Using BiPredicate – Functional style programming – extending API
186 Using BiPredicate
Let’s consider the Car model and a List<Car> denoted as cars:
public class Car {
private final String brand;
private final String fuel;
private final int horsepower;
…
}
Our goal is to see if the following Car is contained in cars:
Car car = new Car(“Ford”, “electric”, 80);
We know that the List API exposes a method named contains(Object o). This method returns true if the given Object is present in the given List. So, we can easily write a Predicate as follows:
Predicate<Car> predicate = cars::contains;
Next, we call the test() method and we should get the expected result:
System.out.println(predicate.test(car)); // true
We can obtain the same result in a stream pipeline via filter(), anyMatch(), and so on. Here is via anyMatch():
System.out.println(
cars.stream().anyMatch(p -> p.equals(car))
);
Alternatively, we can rely on BiPredicate. This is a functional interface representing a two-arity specialization of the well-known Predicate. Its test(Object o1, Object o2) method gets two arguments, so it is a perfect fit for our case:
BiPredicate<List<Car>, Car> biPredicate = List::contains;
And, we can perform the test as follows:
System.out.println(biPredicate.test(cars, car)); // true
In the next problem, you’ll see a more practical example of using a BiPredicate.

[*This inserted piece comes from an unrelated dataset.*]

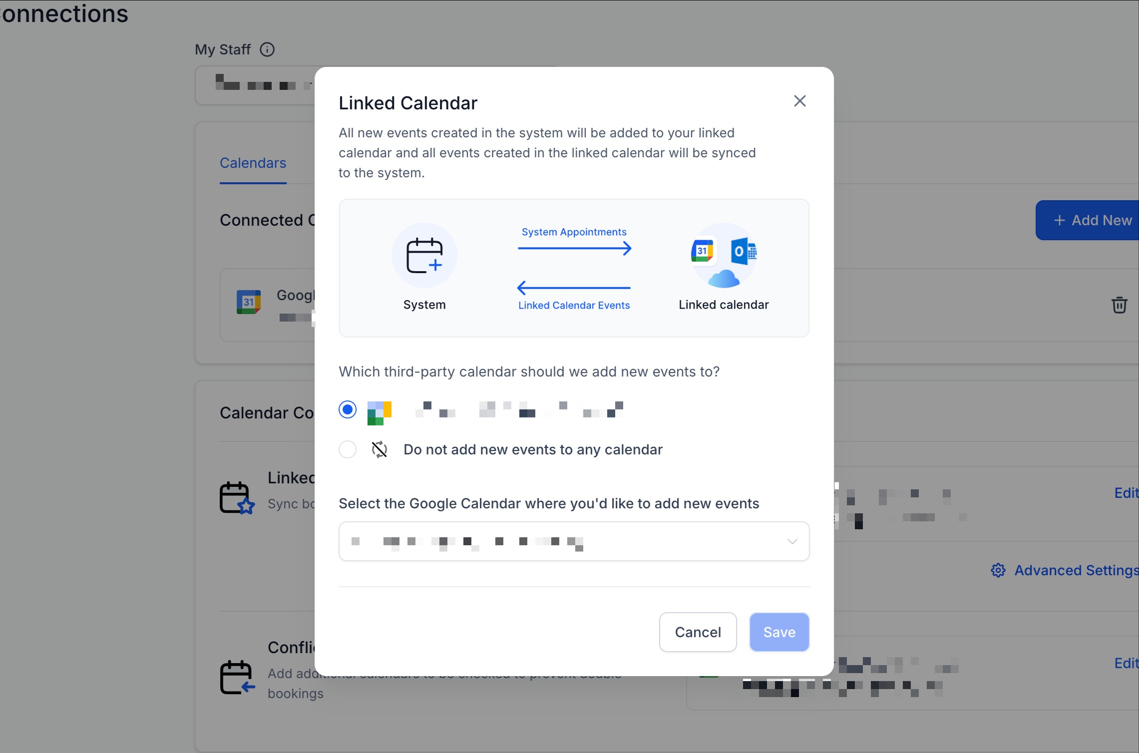 Click "Edit" next to the primary linked calendar. On the linked calendar modal, select the 3rd-party calendar to add new events to. All new events created in the system will be added to your linked calendar and all events created in the linked calendar will be synced to the system.

187. Building a dynamic predicate for a custom model
Let’s consider the Car model and a List<Car> denoted as cars:
public class Car {
private final String brand;
private final String fuel;
private final int horsepower;
…
}
And, let’s assume that we need to dynamically produce a wide range of predicates that applies the operators <, >, <=, >=,!=, and == to the horsepower field. It will be cumbersome to hardcode such predicates, so we have to come up with a solution that can build on the fly any predicate that involves this field and one of the comparison operators listed here.There are a few approaches to accomplish this goal, and one of them is to use a Java enum. We have a fixed list of operators that can be coded as enum elements as follows:
enum PredicateBuilder {
GT((t, u) -> t > u),
LT((t, u) -> t < u),
GE((t, u) -> t >= u),
LE((t, u) -> t <= u),
EQ((t, u) -> t.intValue() == u.intValue()),
NOT_EQ((t, u) -> t.intValue() != u.intValue());
…
In order to apply any of these (t, u) lambdas, we need a BiPredicate constructor (see Problem 186) as follows:
private final BiPredicate<Integer, Integer> predicate;
private PredicateBuilder(
BiPredicate<Integer, Integer> predicate) {
this.predicate = predicate;
}
…
Now that we can define a BiPredicate, we can write the method that contains the actual test and returns a Predicate<T>:
public <T> Predicate<T> toPredicate(
Function<T, Integer> getter, int u) {
return obj -> this.predicate.test(getter.apply(obj), u);
}
…
Finally, we have to provide here the Function<T, Integer> which is the getter corresponding to horsepower. We can do this via Java Reflection as follows:
public static <T> Function<T, Integer> getFieldByName(
Class<T> cls, String field) {
return object -> {
try {
Field f = cls.getDeclaredField(field);
f.setAccessible(true);
return (Integer) f.get(object);
} catch (IllegalAccessException | IllegalArgumentException
| NoSuchFieldException | SecurityException e) {
throw new RuntimeException(e);
}
};
}
Of course, it can be any other class and integer field as well, not only the Car class and the horsepower field. Based on this code, we can dynamically create a predicate as follows:
Predicate<Car> gtPredicate
= PredicateBuilder.GT.toPredicate(
PredicateBuilder.getFieldByName(
Car.class, “horsepower”), 300);
Using this predicate is straightforward:
cars.stream()
.filter(gtPredicate)
.forEach(System.out::println);
You can use this problem as an inspiration point for implementing more types of dynamic predicates. For example, in the next problem, we use the same logic in another scenario.